Stored data
____________

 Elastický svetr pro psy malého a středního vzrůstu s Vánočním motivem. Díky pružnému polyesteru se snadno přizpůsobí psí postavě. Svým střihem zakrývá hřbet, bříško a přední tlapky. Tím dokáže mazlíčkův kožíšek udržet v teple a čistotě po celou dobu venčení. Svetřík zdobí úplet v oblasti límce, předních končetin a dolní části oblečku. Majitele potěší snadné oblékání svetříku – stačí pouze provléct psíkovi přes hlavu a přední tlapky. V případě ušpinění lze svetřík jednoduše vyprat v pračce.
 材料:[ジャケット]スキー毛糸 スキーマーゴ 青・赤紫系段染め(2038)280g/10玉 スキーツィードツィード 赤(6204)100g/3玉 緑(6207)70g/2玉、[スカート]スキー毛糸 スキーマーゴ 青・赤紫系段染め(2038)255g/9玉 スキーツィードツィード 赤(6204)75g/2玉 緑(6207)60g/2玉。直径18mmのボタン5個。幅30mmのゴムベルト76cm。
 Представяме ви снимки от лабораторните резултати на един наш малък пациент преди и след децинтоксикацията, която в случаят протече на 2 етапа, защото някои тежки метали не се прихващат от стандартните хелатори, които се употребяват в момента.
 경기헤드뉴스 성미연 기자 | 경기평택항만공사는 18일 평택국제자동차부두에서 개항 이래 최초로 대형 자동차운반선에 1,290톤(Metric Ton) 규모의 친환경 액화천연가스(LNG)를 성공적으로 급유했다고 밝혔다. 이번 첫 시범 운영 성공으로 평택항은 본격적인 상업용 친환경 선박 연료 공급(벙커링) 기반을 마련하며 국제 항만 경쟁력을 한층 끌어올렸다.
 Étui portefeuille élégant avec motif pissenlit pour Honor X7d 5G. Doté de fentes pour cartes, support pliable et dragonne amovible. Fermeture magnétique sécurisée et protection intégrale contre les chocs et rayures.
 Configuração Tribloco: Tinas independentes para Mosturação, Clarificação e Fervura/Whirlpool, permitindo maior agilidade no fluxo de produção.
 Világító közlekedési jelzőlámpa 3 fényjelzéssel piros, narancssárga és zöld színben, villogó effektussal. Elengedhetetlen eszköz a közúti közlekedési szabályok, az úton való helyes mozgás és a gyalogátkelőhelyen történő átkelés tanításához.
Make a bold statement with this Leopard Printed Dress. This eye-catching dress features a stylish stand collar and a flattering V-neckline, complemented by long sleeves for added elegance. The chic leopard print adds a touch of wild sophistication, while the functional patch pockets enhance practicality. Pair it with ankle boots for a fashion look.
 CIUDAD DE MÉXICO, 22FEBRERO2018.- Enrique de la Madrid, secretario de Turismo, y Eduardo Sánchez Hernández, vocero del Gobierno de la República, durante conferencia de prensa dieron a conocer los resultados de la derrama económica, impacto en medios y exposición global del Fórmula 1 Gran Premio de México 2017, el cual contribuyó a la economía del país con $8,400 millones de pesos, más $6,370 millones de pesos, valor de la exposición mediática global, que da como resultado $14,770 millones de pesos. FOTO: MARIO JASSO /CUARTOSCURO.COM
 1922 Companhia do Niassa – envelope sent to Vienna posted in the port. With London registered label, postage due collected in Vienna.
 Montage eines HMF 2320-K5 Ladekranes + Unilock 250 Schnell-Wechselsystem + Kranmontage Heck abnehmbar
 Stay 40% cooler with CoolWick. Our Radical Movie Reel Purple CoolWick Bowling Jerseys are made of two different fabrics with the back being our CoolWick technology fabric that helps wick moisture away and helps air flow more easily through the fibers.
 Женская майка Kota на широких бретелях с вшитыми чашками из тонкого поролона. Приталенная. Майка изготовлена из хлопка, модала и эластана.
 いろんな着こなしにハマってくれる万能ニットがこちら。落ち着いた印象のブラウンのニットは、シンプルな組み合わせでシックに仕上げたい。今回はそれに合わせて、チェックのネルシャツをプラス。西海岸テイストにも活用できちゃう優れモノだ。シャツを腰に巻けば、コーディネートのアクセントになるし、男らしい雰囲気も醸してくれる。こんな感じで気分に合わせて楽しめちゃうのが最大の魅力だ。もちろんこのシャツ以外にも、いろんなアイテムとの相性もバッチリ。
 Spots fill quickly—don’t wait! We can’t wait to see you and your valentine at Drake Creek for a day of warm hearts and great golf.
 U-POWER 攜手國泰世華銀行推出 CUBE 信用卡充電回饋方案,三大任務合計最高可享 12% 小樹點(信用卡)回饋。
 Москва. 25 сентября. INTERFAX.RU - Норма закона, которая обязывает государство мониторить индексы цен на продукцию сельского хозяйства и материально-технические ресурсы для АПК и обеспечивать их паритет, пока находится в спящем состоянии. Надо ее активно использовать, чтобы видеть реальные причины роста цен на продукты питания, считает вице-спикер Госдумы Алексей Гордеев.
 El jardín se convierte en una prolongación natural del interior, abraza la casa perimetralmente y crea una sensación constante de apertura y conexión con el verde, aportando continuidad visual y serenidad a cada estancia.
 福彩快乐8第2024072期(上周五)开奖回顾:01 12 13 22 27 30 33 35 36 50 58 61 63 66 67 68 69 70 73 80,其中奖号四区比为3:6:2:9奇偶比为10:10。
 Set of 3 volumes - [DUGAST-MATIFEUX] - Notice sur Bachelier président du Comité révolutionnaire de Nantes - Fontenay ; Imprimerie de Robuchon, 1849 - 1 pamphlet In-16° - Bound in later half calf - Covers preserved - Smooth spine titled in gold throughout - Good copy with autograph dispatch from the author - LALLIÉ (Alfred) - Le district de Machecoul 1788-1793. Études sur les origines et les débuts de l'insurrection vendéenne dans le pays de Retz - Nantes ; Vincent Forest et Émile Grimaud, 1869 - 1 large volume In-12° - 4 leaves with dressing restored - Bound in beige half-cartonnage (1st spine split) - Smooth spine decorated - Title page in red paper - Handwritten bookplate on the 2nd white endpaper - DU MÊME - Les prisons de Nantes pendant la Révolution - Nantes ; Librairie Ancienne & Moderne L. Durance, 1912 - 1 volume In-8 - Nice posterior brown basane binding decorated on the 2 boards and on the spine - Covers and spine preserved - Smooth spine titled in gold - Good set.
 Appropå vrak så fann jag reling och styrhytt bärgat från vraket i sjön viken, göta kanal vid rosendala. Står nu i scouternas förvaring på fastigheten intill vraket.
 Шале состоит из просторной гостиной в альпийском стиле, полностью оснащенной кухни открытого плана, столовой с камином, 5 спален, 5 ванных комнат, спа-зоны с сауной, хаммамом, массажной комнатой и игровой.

____________

__What to produce__: The result should consist solely of the lines from the one that contains "Appropå vrak så" to the last line of the records above, reproduced exactly.

__Task result__:
 Appropå vrak så fann jag reling och styrhytt bärgat från vraket i sjön viken, göta kanal vid rosendala. Står nu i scouternas förvaring på fastigheten intill vraket.
 Шале состоит из просторной гостиной в альпийском стиле, полностью оснащенной кухни открытого плана, столовой с камином, 5 спален, 5 ванных комнат, спа-зоны с сауной, хаммамом, массажной комнатой и игровой.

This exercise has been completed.